We start in the North, where Nottinghamshire have come back from three consecutive defeats at the start of the campaign to win five completed games in a row to surge to the top and secure a quarter final with a game to spare.

Victory at home to Leicester on Friday night will confirm a home tie for the Outlaws, but even if they lose, only Derbyshire winning all three of their remaining games, and two Northamptonshire wins, as well as the Steelbacks overturning a net run-rate deficit of 0.544, would see Notts finish outside the top two.

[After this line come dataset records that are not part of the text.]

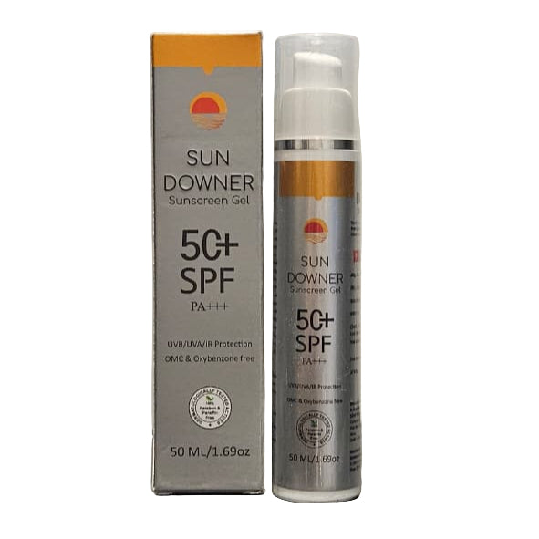 Sun Downer Sunscreen Gel SPF 50+ PA+++ is a lightweight, non-greasy sunscreen designed for Indian skin and weather conditions. It offers broad-spectrum protection that helps shield skin from UVA, UVB, and infrared (IR) rays. The gel texture absorbs quickly, leaving the skin feeling comfortable and fresh without a white cast, making it ideal for daily use on all skin types — including oily, acne-prone, and sensitive skin.
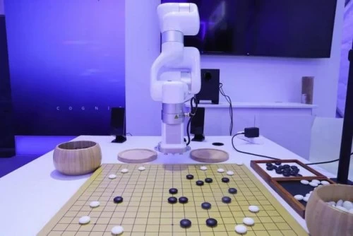在X技术区,有一个白色的弈棋机器人静立以待。别看它其貌不扬,看着像一支机械手臂,但其实它下围棋的水平很高,达到职业九段。不信,挑战一下,相信即刻完败的感觉会让你“无比酸爽”。
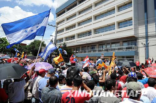 数千名塞拉亚支持者聚集在联合国驻洪办公室门前,迎接被罢免的总统归来。
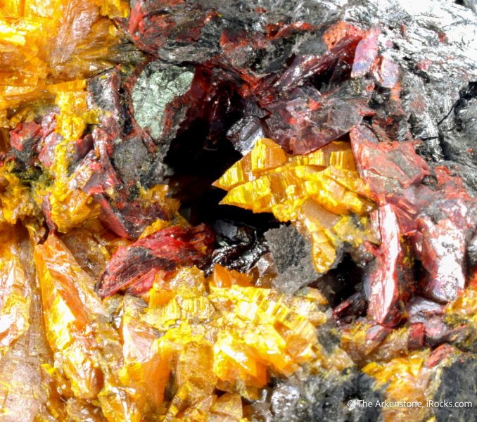 This is a Getchellite with Realgar and Orpiment (Type Locality) from Getchell Mine, Adam Peak, Humboldt County, Nevada, USA (Type Locality). This is a rare, colorful miniature of a trio of arsenic-bearing sulfides form the Getchell Mine in Nevada.Data last checked on 1st Feb 2026
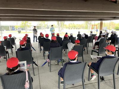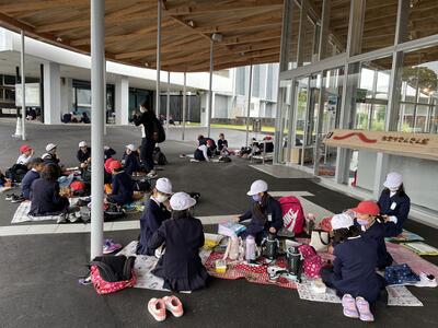 小雨なので、施設のひさしの下でお弁当を食べました。
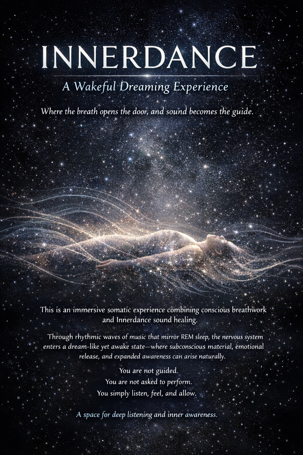Innerdance is a profound, energy intensive and often life changing experience. It connects participants to collective energies as well as the deeply personal energies of our unique inner worlds. We will start with the breath, a Somatic Experience to cleanse your energetic bodies as well as the physical in order to experience more during the soundscape.
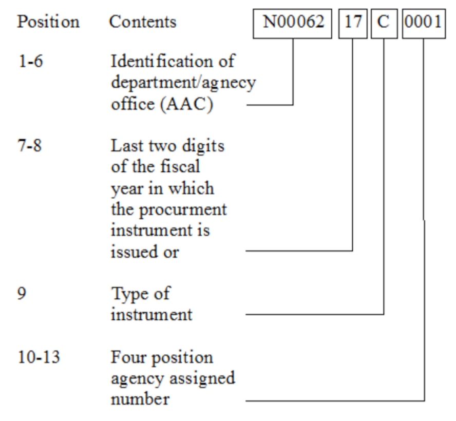 The positions in the Procurement Instrument Identification Number identify characteristics about the contract number (PIID). Positions 1-6 identify the department/agency office (AAC). Positions 7-8 identify the last two digits of the fiscal year in which the procurement instrument is issued. Position 9 identifies the type of procurement instrument. Positions 10-13 identify the agency assigned number.
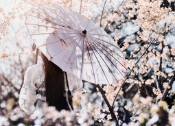 初春时节一位女士打着花伞形行走在樱花绽放的小路上背景花纹素材设计
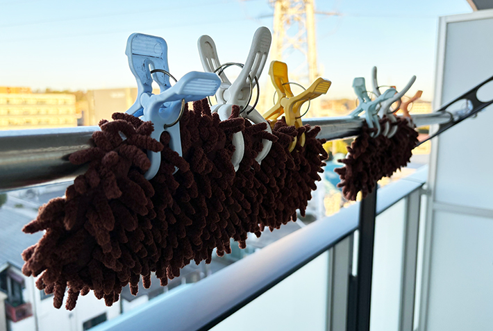 洗い終わったら、衣類と同じように、ベランダなどで干すだけ!洗って乾かせば、繰り返し使えますよ。
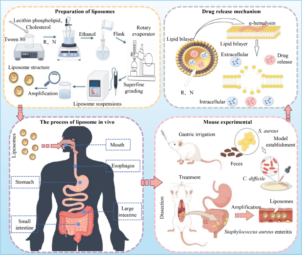 近日,mk体育鞠健教授团队在国际权威期刊《Materials Today Bio》(一区,TOP,IF=10.2)在线发表题为《Establishment and Application of Nano-liposomes System for Targeted Therapy of Methicillin-resistant Staphylococcus aureus Enteritis》的文章,创建了一种新型靶向治疗金黄色葡萄球菌肠炎的纳米运载体系。
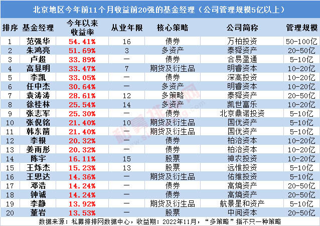 北京地区今年收益冠军是万柏投资范强华,其核心策略为债券策略,今年前11个月的收益高达54.41%范强华是万柏投资公司创始合伙人,总经理。中央财经大学硕士。具备15年的债券投资管理经验,曾任职平安信托固定收益部总经理,中信证券固定收益部副总裁。
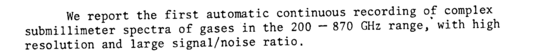 We report the first automatic continuous recording of complex submillimeter spectra of gases in the 200 870 GHz range, with high resolution and large signal/noise ratio.
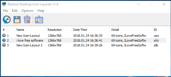 IconRestorer is another handy software to save desktop layout in Windows 10. Just like above mentioned software, it also lets you save multiple desktop layouts, one after another with a custom name. After that, you can use “Layouts” tab available on its interface to restore a particular desktop icon layout. You will be able to save the layout name, date and time, and screen resolution related to each desktop icon layout.

Birmingham Bears currently sit second on 15 points, but with only one game to play – Lancashire away on Friday night – they will be watching results closely this week to know what they need to do going up to Old Trafford.

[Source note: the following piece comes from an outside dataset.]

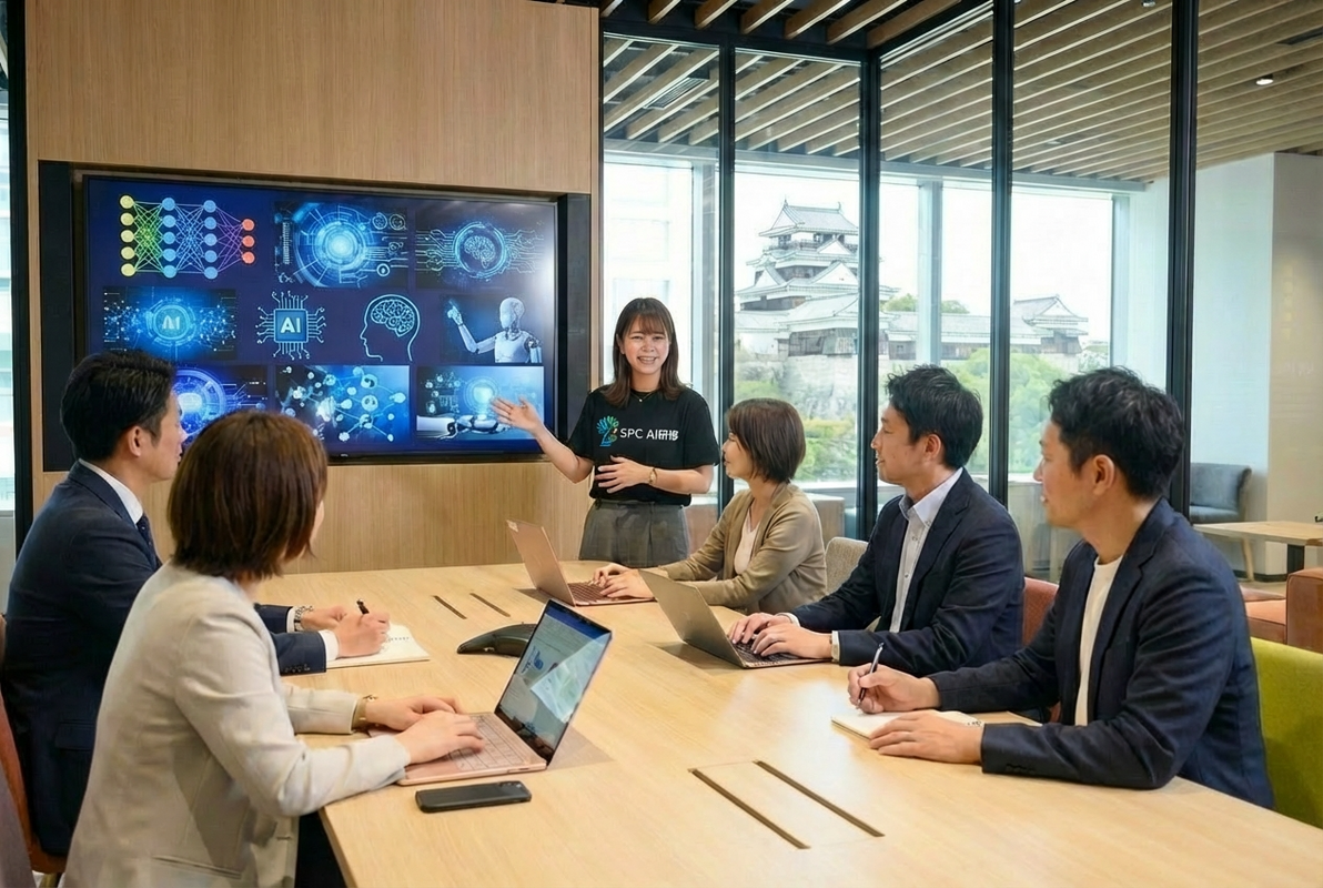 愛媛県内の企業を対象に、株式会社KANNONと連携して「企業別・事業別にカスタマイズしたAI人材育成研修」を提供しています。株式会社KANNONのAI講師は、これまで累計50社以上の研修実績を誇り多くのノウハウを持っています。弊社が提供する研修は、各企業様が抱える課題やニーズに合わせて内容をカスタマイズする点が大きな特徴です。かつ、知識をインプットすることをゴールとせず、実際の業務に落とし込んで実用いただくところまでを研修時間内で目指しています。

As it stands, a win would be enough unless all the following were to happen: Northants take at least three points from games against Yorkshire and Durham; Leicestershire beat Derbyshire and Nottinghamshire and Derbyshire, having lost to Leics, beat Durham and Worcestershire. That scenrio would see three (If Northants win twice, or four should they get a tie/no result in one of their games) level on 17 points, with net run-rate deciding the final two qualifies (Or three depending on Northants).

With Edgbaston hosting Finals Day, the Bears could secure home advantage throughout the knock-out stages with a win, if Northants lose one of their remaining games, or Derybshire win two, in which case it would go down to NRR, or three Derbyshire win would see them take a home tie.

The Bears could also go through with a defeat, but that would likely come down to a net run-rate battle, with the potential for up to six teams all finishing on 15 points.

Northamptonshire Steelbacks have two games to play, traveling to Yorkshire on Thursday before facing Durham on Friday, knowing that two wins will guarantee them a top four spot, as well as a home tie – unless Derbyshire win their three remaining games, and even then a Notts defeat would see net run-rate decide second.

One win from two would be enough for the Steelbacks unless the following was to happen: Birmingham beat Lancashire; Leicestershire beat Derbyshire and Nottinghamshire; and Derbyshire, having lost to Leics, beat Durham and Worcestershire – a scenario that would knock Northants out. Or, should they tie/get a no result and a win, join Birmingham, Derbys and Leics in a four way NRR shoot out for three places behind Notts.

Yorkshire may start the week holding the final qualification place, but they are the most precariously placed with only one game to play – at home to Northants on Thursday, as they miss the final round of fixtures.

Defeat will knock them out, with the winner of Derbyshire v Leicstershire on Thursday – or both if a tie/NR – guaranteed to go above them. Even victory would leave a tense wait on results on Friday, when a Northants victory over Durham, and Derbys and Leics taking at least three points from their remaining fixtures, would knock Yorkshire out.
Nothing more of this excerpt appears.